The WHO’s PHEIC declaration triggers several immediate consequences: it activates the International Health Regulations framework, requiring all 196 signatory nations to step up surveillance and share real-time data; it unlocks emergency financing from the WHO Contingency Fund for Emergencies; and it sends a formal signal to governments and donors that resources are urgently needed. The US Centers for Disease Control and Prevention has deployed an Emergency Response Team of 22 epidemiologists and public health specialists to Bunia, Ituri’s provincial capital. The CDC has also issued a Level 2 Travel Alert — “Practice Enhanced Precautions” — for DRC and Uganda.
The containment challenge is severe.

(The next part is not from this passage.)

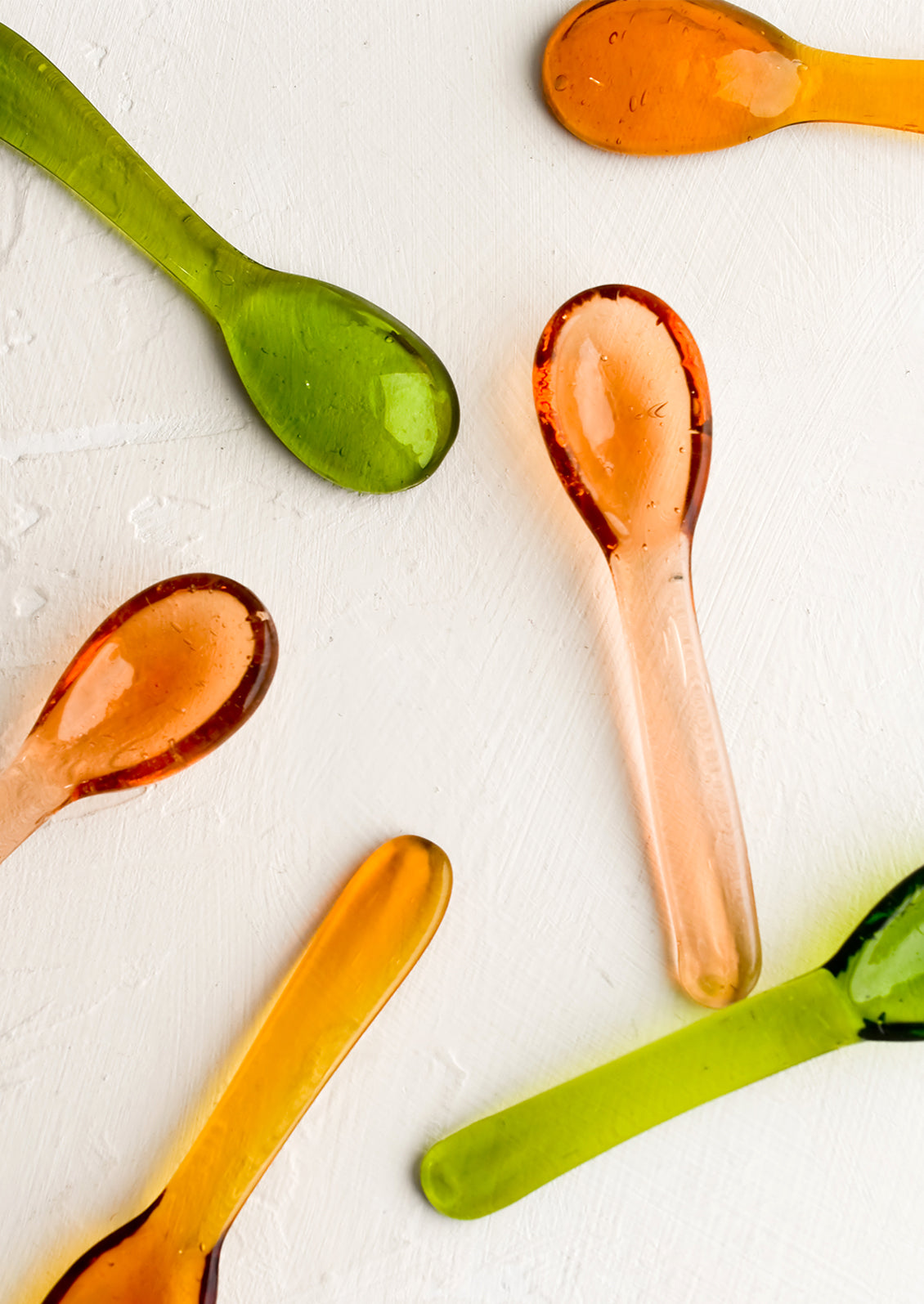 For those specific moments where you need a tiny spoon (salt, spices, mignonettes), it's unlikely to get much better than this one—available in three hues of vibrant recycled glass, they resemble tiny candies.

Armed militia groups operating in Ituri Province have attacked health workers during previous outbreak responses, including during the 2018–2020 Zaire Ebola outbreak that killed 2,287 people in the same region. WHO has already reported two incidents in which response teams were prevented from accessing affected communities by armed actors. Without the ability to safely conduct contact tracing and ring vaccination — the core tools of Ebola containment — the outbreak risk profile rises sharply. Scientists at Imperial College London estimate that without effective containment, the outbreak could infect between 2,000 and 8,000 people over the next 90 days.

What This Means For You
For Americans, the immediate risk is very low. Ebola does not spread through the air; transmission requires direct contact with the bodily fluids of a symptomatic patient. The CDC’s travel alert does not recommend avoiding DRC or Uganda — only enhanced precautions for those who must travel there. The bigger concern is systemic: a PHEIC on top of an already-strained global health architecture — still recovering from COVID-19, monkeypox, and Sudan ebolavirus outbreaks — tests the world’s capacity to respond simultaneously to multiple emergencies. The US contributes roughly 18% of WHO’s core budget; American engagement and resourcing will be pivotal to whether this outbreak is contained in weeks or allowed to become a months-long catastrophe. If you have travelled to DRC or Uganda recently and develop fever, muscle aches, or unexplained bleeding, seek medical care immediately and inform healthcare providers of your travel history.